Габриэль безвольно уронила руки на колени.

– Так что? – деловито прострекотал голос Мелиссы над её головой. – Ты помнишь, я спросила у тебя, что ты ответила на шестнадцатый вопрос? Ты помнишь?

– Я ничего не помню, не помню, отстань от меня! – воскликнула Габриэль и взметнулась на ноги. – Мелисса, хватит!

Мелисса удивлённо смотрела на неё, широко распахнув глаза, в которых, несмотря на яркий солнечный свет, с изумлением и болью расширились узкие щели тёмных зрачков.

– Что с тобой такое? – обиженно спросила она. – Я всего лишь спросила твоего совета, Габриэль, неужели тебе так трудно было мне ответить?

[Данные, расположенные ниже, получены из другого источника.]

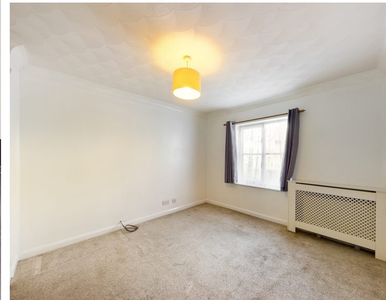
Flat 4, West Wycombe Road, High Wycombe, Buckinghamshire, HP12 3AB

– Экзамен окончился! – сварливо рявкнула Габриэль, топая ногой. – Никто не позволит тебе ничего изменить, так что лучше сядь – и расслабься!

Измотанный Стивен, изучавший её постепенно красневшие от злости и бессилия щёки, вдруг вытянул непропорционально длинные ноги ещё дальше и заметил ленивым голосом:

– По-моему, Габриэль, это тебе надо сесть и расслабиться. Но она действительно права, Мел, – миротворческим тоном обратился он к Мелиссе, чьи губы оскорблённо надулись, – теперь уже всё в любом случае кончено. Нам остаётся ждать и молиться, чтобы наши результаты оказались вменяемыми. Выйди это не так, мать снимет с меня голову, не успею я переступить порога.

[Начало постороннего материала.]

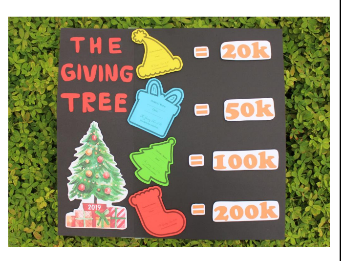
One of our Christmas Charity items is to donate money and get a voucher, the students then write their names on the voucher and hung it on the giving dress.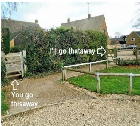
You go thisaway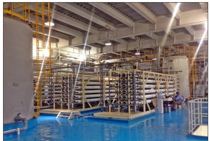
Forward Osmosis skids

To help analyze trends in big data and make sense of it, we leveraged BlueTech Semantic Analysis tools to analyze conference paper texts in 2016 with those from 2015. The following are examples of two trends that emerged.

– Не смешно, – сердито отозвалась Люсинда: она снова увлечённо копалась в своих справочниках, которых она, судя по её раздувшейся сумке, взяла с собой в немереном количестве. – Давайте лучше займёмся повторением. Нам сейчас придётся идти на экзамен по математике, Стивен! Возьми блокнот и реши мне вот эти простенькие примерчики, – она с непримиримым видом прибавила к блокноту свой справочник и провела кончиком ногтя вниз по странице. Глаза Стивена расширились от страха и возмущения, он оттолкнул от себя укоризненно зашелестевший справочник и решительно воскликнул:

– Нет! Нет, Люсинда, с меня этого хватит! Мне совсем скоро сдавать экзамен, а ты не даёшь мне даже минутки отдыха!

– Не надо меня обманывать, – с привычной холодностью ответила Люсинда, – ты уже двадцать пять минут отдыхаешь. Тебя никто не просит перенапрягаться, реши только вот это, – она отчертила ногтем половину примеров, – и ты свободен.

– Люсинда, ты издеваешься, – обречённо сказал Стивен, но и справочник, и блокнот взял и принялся усердно решать, сопя и облизывая губы кончиком блестящего языка.

Люсинда в молчании раздала по справочнику и блокноту каждому из компании, кому предстояло сдавать экзамен по математике после обеда, и так же молча указала, какие именно примеры они должны решить. Сама она взяла в руки учебник и начала перечитывать последние главы, впрочем, часто перелистывая множество страниц вперёд или назад, сосредоточенно хмурясь и кусая остро отточенный карандаш. На другой стороне крыльца Тэф и Кумм увлечённо разговаривали друг с другом о чём-то, привлекая к своей беседе Питера в качестве безмолвного и покорного слушателя (у Питера было отсутствующее лицо и пустые глаза), на ступеньках сидели Барбара и Джессика и, что было довольно удивительно для них, не пытались никого обозвать либо унизить. Напрягая зрение, Габриэль сумела увидеть на коленях у Барбары раскрытый справочник.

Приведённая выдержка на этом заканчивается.